Drill Dozer

  • Plattform: GameBoy Advance
  • Release: 22.09.05 (J), 06.02.06 (US)

Game Freak haben immer so ein wenig das Problem, dass sich keine Sau für ihre Spiele interessiert wenn nicht Pokemon drauf steht. So leider auch geschehen mit Drill Dozer, einem feinen kleinen Jump ’n Run auf dem GameBoy Advance, welches leider ziemlich untergegangen ist.

Das Rosa-haarige Mädchen Jill ist die Tochter des Bosses der Red Dozer Diebesbande. Deren größter Schatz ist ein gigantischer roter Diamant, welcher der Nachlass von Jills Mutter ist. Bis dann die befeindete Bande der Skullers das Ding klaut und Jills Vater verletzt, so das der das Bett hüten muss. Also springt die resolute Kleine kurzerhand einfach selbst in den mit einem Bohrer ausgestatteten Mech und drillt sich einen Weg ihn zurückzuerobern.

Was Drill Dozer dabei en masse hat, ist Charme und Witz. Besonders hervorheben will ich hier Jill selbst, die ein stummer Protagonist ist, an deren vielen kleinen Animationen man aber immer genau absehen kann, was die toughe Kleine gerade von der Situation hält. Es ist unglaublich unterhaltsam ihr zuzusehen. Da ist es sogar fast etwas schade, dass die anderen Charaktere überhaupt sprechen, statt aus Drill Dozer ein Pantomimentheater zu machen, welches seine komplette simple Handlung nur über Animationen und Charakterreaktionen befördert. Dann gäbe es auch nicht die unfeinen Expositionsfluten von Charakteren, die anderen Charakteren, die all dies schon wissen müssten, aus dem Nichts Zeug erklären, damit es der Spieler auch weiß. Metal Gear? Metal Gear!!

Das von der Stundenzahl überschaubare Spiel kommt wie erwähnt in Form eines Jump ’n Runs daher, alles in Seitenansicht präsentiert. Jill kann in ihrem Dozer theoretisch springen, bekommt dort aber nie sonderlich viel Momentum oder Höhe geschafft. Wesentlich wichtiger ist der angebrachte Drill, mit dem nicht nur Gegner und Wegblockaden zerstört werden, sondern mit dem sich Jill tatsächlich auch in gewisse Punkte der Level hineinbohren kann, um dann schnell den Rückwärtsgang einzulegen, und so vom Rückstoß über wesentlich größere Lücken geschleudert zu werden, als sie eigentlich mit simplem Springen überbrücken könnte.

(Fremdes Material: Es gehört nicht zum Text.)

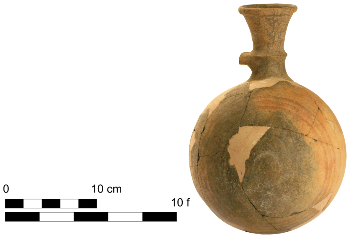Nell’interpretazione di Stricker, le due paia di breccia rappresentano l’utero; la testa tra le braccia rappresenterebbe la madre che, attraverso la placenta, nutre il feto (le teste nelle ciotole). Le braccia spingonole ciotole, suggerendo l’espulsione del feto nel momento del parto. Non è chiaro perché le figure a destra non siano definite; forse momenti diversi dello sviluppo o due “destini” diversi del nascituro? Non può essere assolutamente un caso che le figure a destra siano solo colorate mentre quelle a sinistra abbiano i tratti ben definiti.

Die knapp 10 Stages bringen dabei natürlich schon nach und nach für die Abwechslung neue Sachen auf den Plan. Zunächst müssen beispielsweise nur bei den diversen Bossen die Schwachpunkte ausgenutzt werden, später haben aber auch normale Gegner jene. Es gibt Blöcke, die nur für eine gewisse Zeit aktiv bleiben, richtigen Drillmoment für Tunnel einzusetzen, oder Kanonen, die den Bohrer kurzzeitig unnütz machen. Zudem hat jedes Level drei Zahnräder zu finden, die den Drill aufbessern, beim letzten kann beispielsweise ganz ohne Abkühlrate durchgängig gebohrt werden. All das hält das Spiel definitiv frisch, und wie gesagt ist es ja auch nicht sonderlich lang. Weniger Spaß hingegen macht das Unterwasser- und das Fluglevel mit ihrer schwer steuerbaren Physik, sowie die One-Hit-Kill-Passagen. Immerhin erschweren sie das Spiel nicht unnötig, Jill hat viel Lebensleiste, kann mehr hinzukaufen, und zumindest die OHK-Segmente resetten nur zum Beginn statt ein Game Over zu präsentieren.

Vom Design her ist das Spiel herzallerliebst und kunterbunt, erinnert ein wenig an Serien wie Yatterman und Co. Die tollen Animationen erwähnte ich ja bereits. Auch echt rockig ist die Musik, die einen richtig Bock aufs Bohren macht, mal von der Melodie abgesehen, wenn der Drill mit allen Zahnrädern bestückt ist.

Fazit:
Drill Dozer mag ein paar weniger motivierende Einfälle auf die finalen Stages hin bieten, aber im Groben haben wir es hier wirklich mit einem super süßen, ziemlich launigen, und angenehm kurzen Abenteuer zu tun, welches wirklich zu Recht als übersehener Edelstein der GameBoy Advance Bibliothek gehandelt wird.